### What the exercise asks:
The listing below has to be output exactly as given, less its pictures.

### Dataset extract:
◆ ◆ ◆ ◆ ◆ ◆ ◆

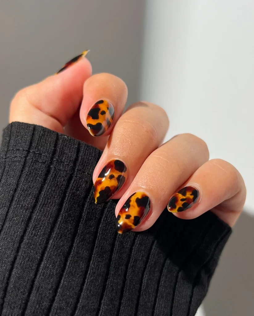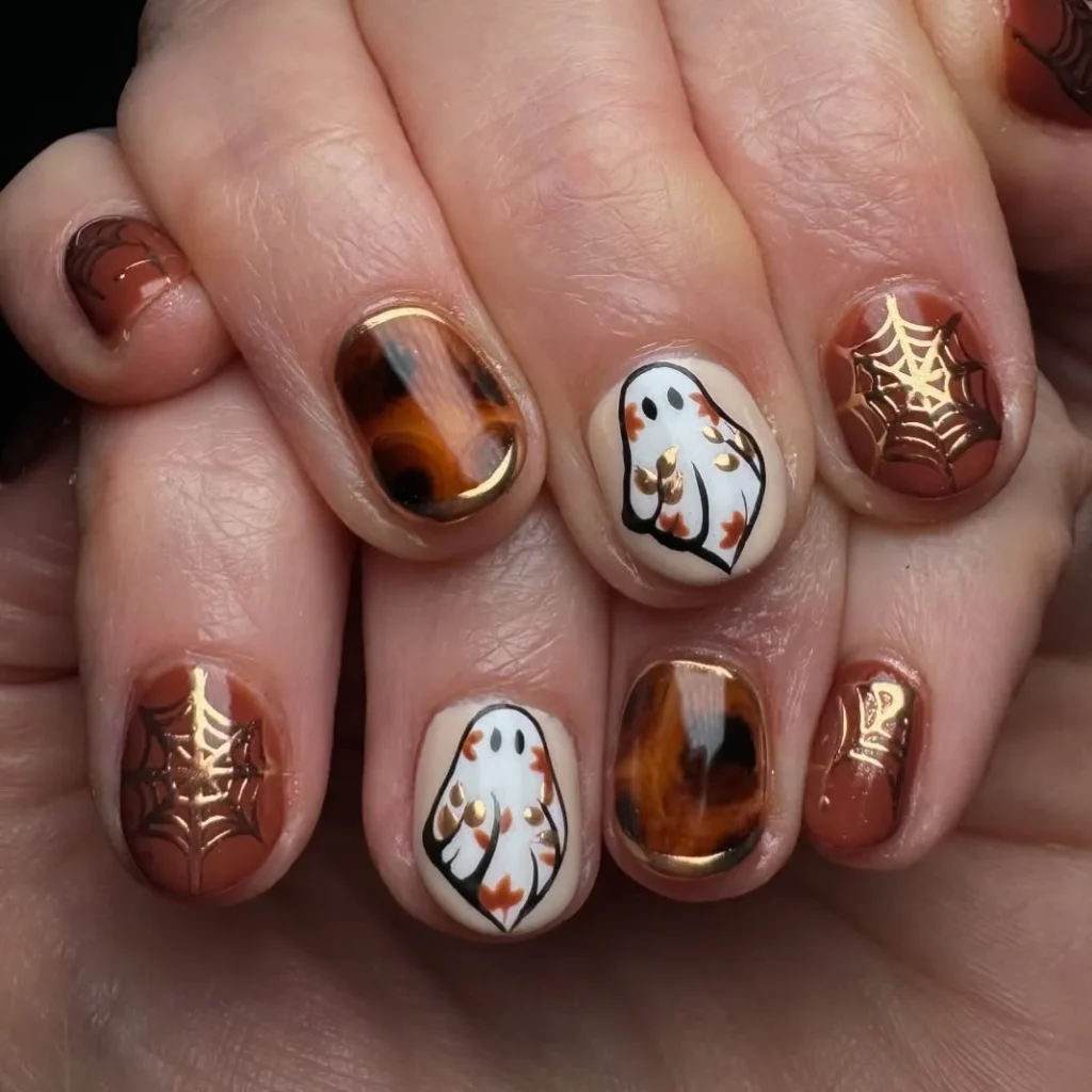 Whimsical yet chic, this Halloween-inspired manicure fuses fall shades with playful artistry. Rich tortoiseshell nails sit alongside metallic copper spider webs and adorable ghost designs outlined in black. Tiny autumn leaves float around the ghosts, tying the look back to seasonal motifs.
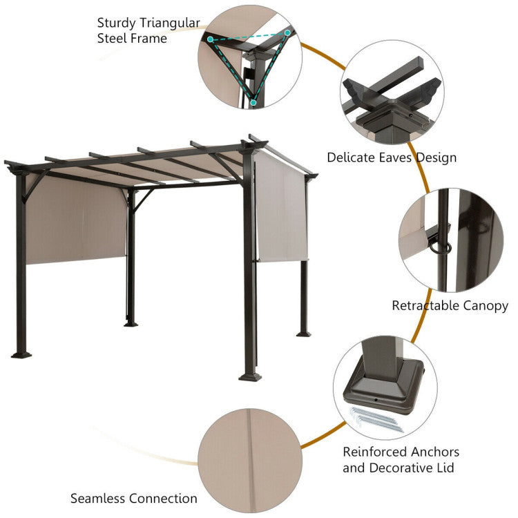 Besides, constructed by a reinforced steel frame with a powder-coated finish, the gazebo is rustproof and durable for long term use. More, the reinforced structure and 8 anchors ensure that it remains stable in windy conditions. Most importantly, you can flexibly adjust the retractable canopy on both sides according to your own preferences. The pergola gazebo in a stylish design matches different outdoor styles. You can use it for BBQs, parties, picnics with your family and friends. The pergola will give you the best shading experience!
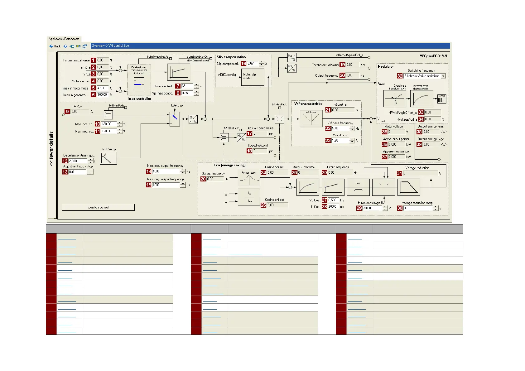 3 C00830/5 Limitation of torque in generator mode 16 C00021 Slip compensation 29 C00977 VFC-ECO: Minimum voltage V/f

◆ ◆ ◆ ◆ ◆ ◆ ◆

### Answer below:
 Whimsical yet chic, this Halloween-inspired manicure fuses fall shades with playful artistry. Rich tortoiseshell nails sit alongside metallic copper spider webs and adorable ghost designs outlined in black. Tiny autumn leaves float around the ghosts, tying the look back to seasonal motifs.
 Besides, constructed by a reinforced steel frame with a powder-coated finish, the gazebo is rustproof and durable for long term use. More, the reinforced structure and 8 anchors ensure that it remains stable in windy conditions. Most importantly, you can flexibly adjust the retractable canopy on both sides according to your own preferences. The pergola gazebo in a stylish design matches different outdoor styles. You can use it for BBQs, parties, picnics with your family and friends. The pergola will give you the best shading experience!
 3 C00830/5 Limitation of torque in generator mode 16 C00021 Slip compensation 29 C00977 VFC-ECO: Minimum voltage V/f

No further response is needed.